Salió corriendo, con la misma ansia de luz y de aire libre que empuja al náufrago á la cubierta desde las entrañas del buque... Había transcurrido más tiempo del que él se imaginaba desde que se refugió en la obscuridad. El sol estaba muy alto. Vió en el jardín nuevos cadáveres en actitudes trágicas y grotescas. Los heridos gemían encorvados ó permanecían en el suelo, apoyada la espalda en un árbol, con un mutismo doloroso. Algunos habían abierto la mochila para sacar su bolsa de sanidad y atendían á la curación de los desgarrones de su carne. La infantería disparaba ahora sus fusiles incesantemente. El número de tiradores había aumentado. Nuevos grupos de soldados entraban en el parque: unos con su sargento al frente, otros seguidos por un oficial que llevaba el revólver apoyado en el pecho, como si con él guiase á los hombres. Era la infantería expulsada de sus posiciones junto al río, que venía á reforzar la segunda línea de defensa. Las ametralladoras unían su tac-tac de telar en movimiento al chasquido de la fusilería.

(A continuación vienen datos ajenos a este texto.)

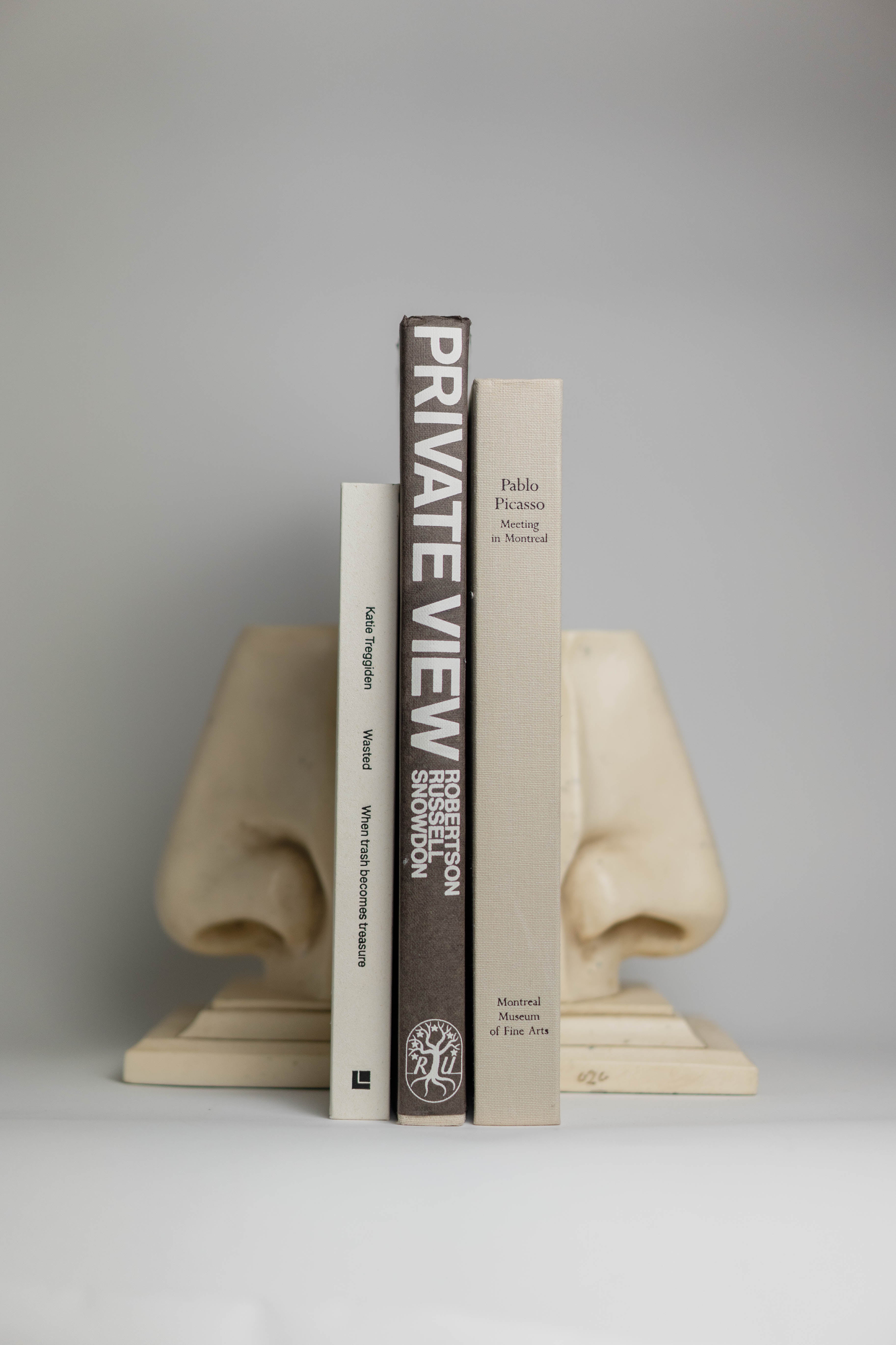Pair of vintage bookends by C2C Designs, c.1980s. Signed on the side. Made from a heavy resin composition that mimics marble.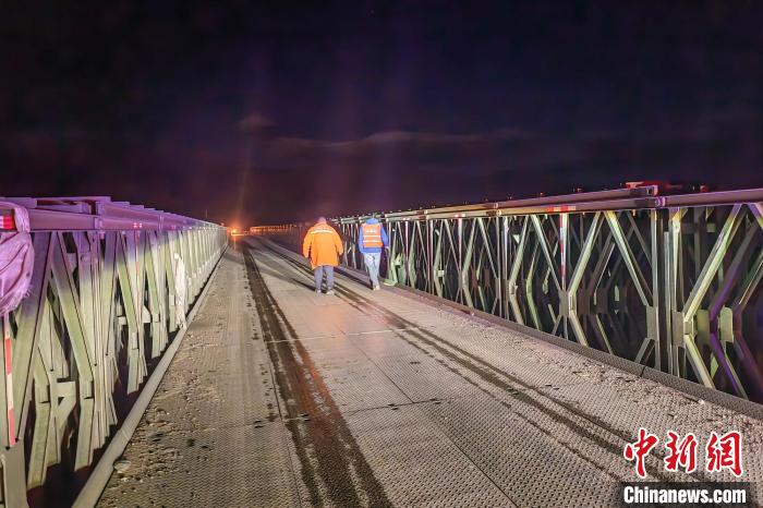 圖為5月12日凌晨地震后,養(yǎng)護(hù)人員對拉孜雅魯藏布江臨時(shí)保通鋼架橋進(jìn)行檢查。西藏自治區(qū)交通運(yùn)輸廳 供圖

Silbaba el espacio, rayado incesantemente por el abejorreo de un enjambre invisible. Millares de moscardones pegajosos se movían en torno de Desnoyers sin que alcanzase á verlos. Las cortezas de los árboles saltaban, empujadas por uñas ocultas; llovían hojas; se agitaban las ramas con balanceos contradictorios; partían las piedras del suelo, impelidas por un pie misterioso. Todos los objetos inanimados parecían adquirir una vida fantástica. Los cazos de cinc de los soldados, las piezas metálicas de su equipo, los cubos de la artillería, repiqueteaban solos, como si recibiesen una granizada impalpable. Vió un cañón acostado, con las ruedas rotas y en alto, entre muchos hombres que parecían dormir; vió soldados que se tendían y doblaban la cabeza sin un grito, sin una contracción, como si los dominase el sueño instantáneamente. Otros aullaban arrastrándose ó caminaban con las manos en el vientre y las posaderas rozando el suelo.

El viejo experimentó una sensación aguda de calor. Un perfume punzante de drogas explosivas le hizo llorar y arañó su garganta. Al mismo tiempo tuvo frío: sintió su frente helada por un sudor glacial.

Tuvo que apartarse del puente. Varios soldados pasaban con heridos para meterlos en el edificio, á pesar de que éste caía en ruinas. De pronto recibió una rociada líquida de cabeza á pies, como si se abriese la tierra dando paso á un torrente. Un obús había caído en el foso, levantando una enorme columna de agua, haciendo volar en fragmentos las carpas que dormían en el barro, rompiendo una parte de los bordes, convirtiendo en polvo la balaustrada blanca con sus jarrones de flores.